What Is Insomnia?
Insomnia is termed as the inability to fall asleep and/or stay asleep. This sleep disorder can be either short term or long term. Irritability, fatigue, poor concentration, and headache are some of the debilitating effects of insomnia.
Tips to cure your insomnia and sleep soundly
Keep regular routine and sleep hours
Going to bed and getting up at roughly the same time every day will programme your body to sleep better. Choose a time when you’re likely to feel tired and sleepy. Have a warm bath, listen to quiet music or do some gentle yoga to relax the mind and body. Your doctor may be able to recommend a helpful relaxation CD.

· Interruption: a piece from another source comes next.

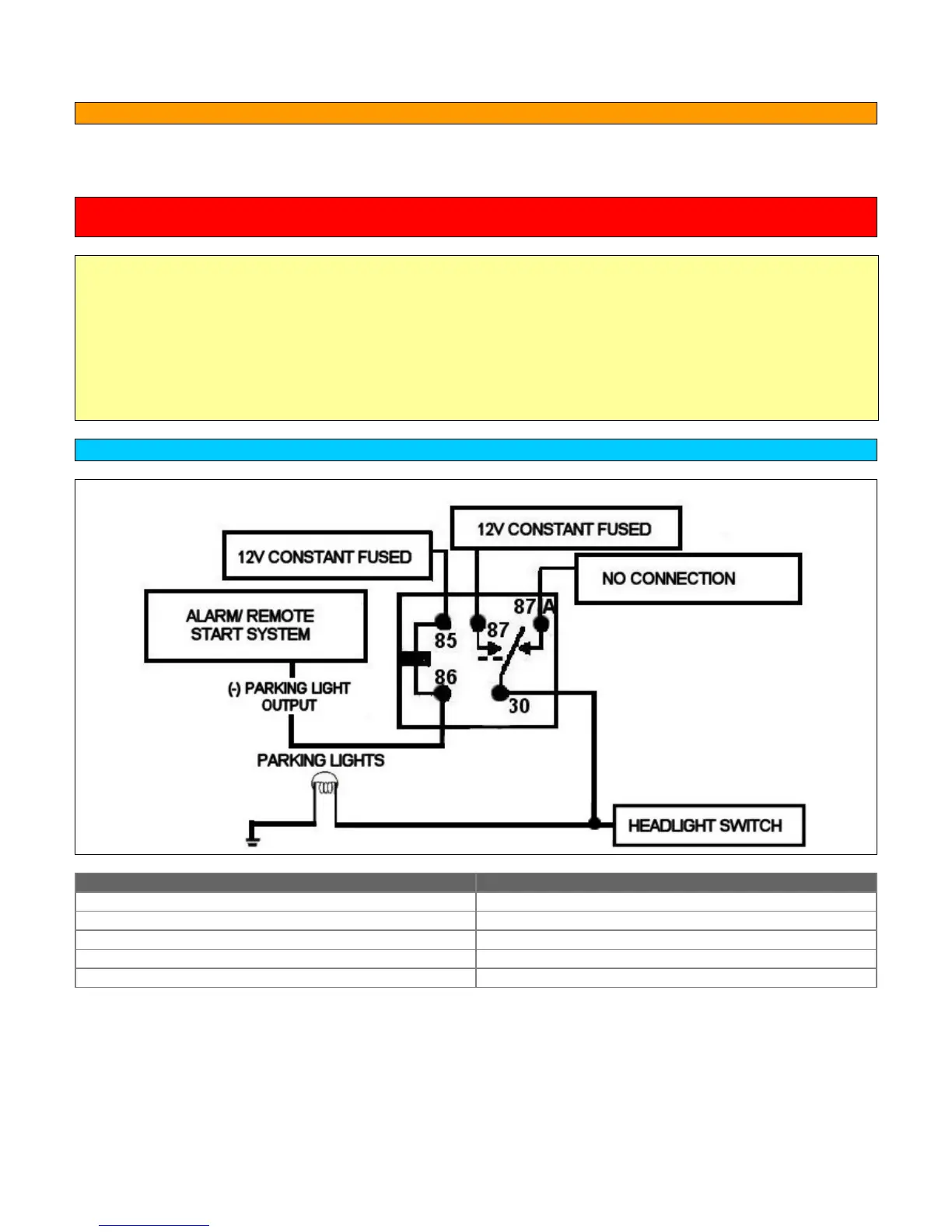 NOTE: Never connect the parking light output to the headlight circuit. Doing so may cause the headlights

Choose a well conducive sleeping environment
Your bedroom should be a peaceful place for rest and sleep. Temperature, lighting and noise should be controlled so that your bedroom environment helps you to fall (and stay) asleep. If you have a pet that sleeps in the room with you, consider moving it somewhere else if it often disturbs you in the night. Make sure your bed is comfortable. It’s difficult to get restful sleep on a mattress that’s too soft or too hard, or a bed that’s too small or old.

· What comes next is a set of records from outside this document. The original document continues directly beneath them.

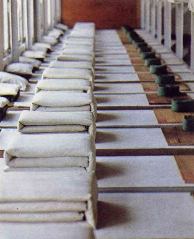 常常起床號還沒有吹響。就有幾個特別緊張的人起床,蟋蟋嗦嗦地開始和棉被奮戰。「十二個稜角、十六條稜線,一個也不能少。」班長的命令在耳邊迴響。但在剛開始時,雖然又推、又拉、又拍、又捏,累得滿頭大汗,就是捏不出有稜有角的形狀。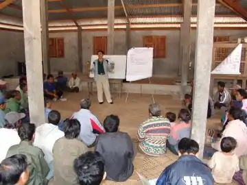 A meeting taking place in Khammouane Province of Laos, March 2006, as part of the Lao Extension Approach. Meeting is being held in village temple, participants are farmers. Who do YOU think the facilitator is in this picture?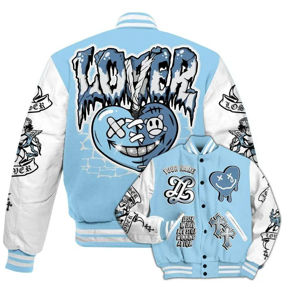 Legend Blue 11S Varsity Bomber With Lover-Loser Matching Design, Couples Streetwear Jacket For Sneaker Fans Who Coordinate Outfits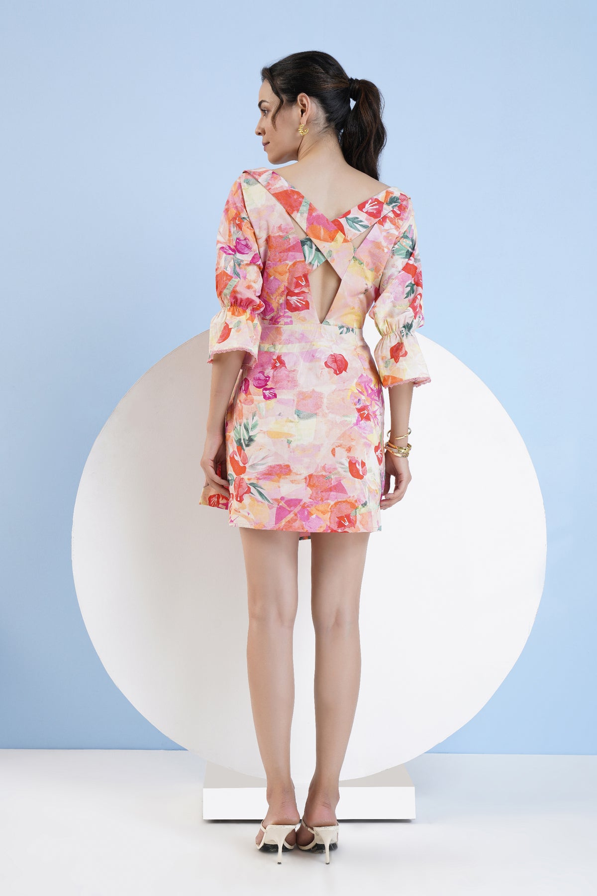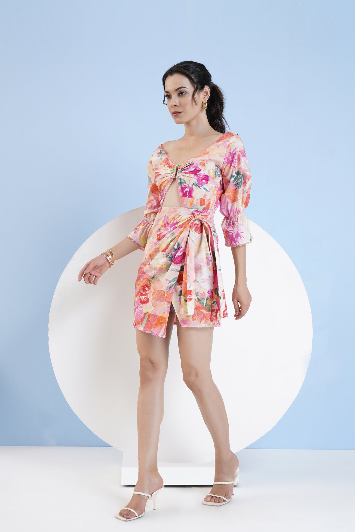 Printed short cotton dress featuring buckle detail, cutout and puff sleeves

Moderate exercise on a regular basis, such as swimming or walking, can help relieve some of the tension built up over the day. Make sure that you don’t do vigorous exercise, such as running or the gym, too close to bedtime, though, as it may keep you awake.
Cut down on caffeine and alcohol
Cut down on caffeine in tea, coffee, energy drinks, especially in the evening. Caffeine interferes with the process of falling asleep causing insomnia, and also prevents deep sleep. Instead, have a warm, milky drink or herbal tea. Too much food or alcohol, especially late at night, can interrupt your sleep patterns. Alcohol may help you to fall asleep initially, but it will disrupt your sleep later on in the night.
Nicotine is a stimulant. Smokers take longer to fall asleep, they wake up more frequently, and they often have more disrupted sleep.
Write away your worries
If you tend to lie in bed thinking about everything you have to do tomorrow, set aside time before bedtime to make plans for the next day. The aim is to avoid doing these things when you’re in bed, trying to sleep.
If you can’t sleep, get up
If you can’t sleep, don’t lie there worrying about it. Get up and do something you find relaxing until you feel sleepy again, then go back to bed.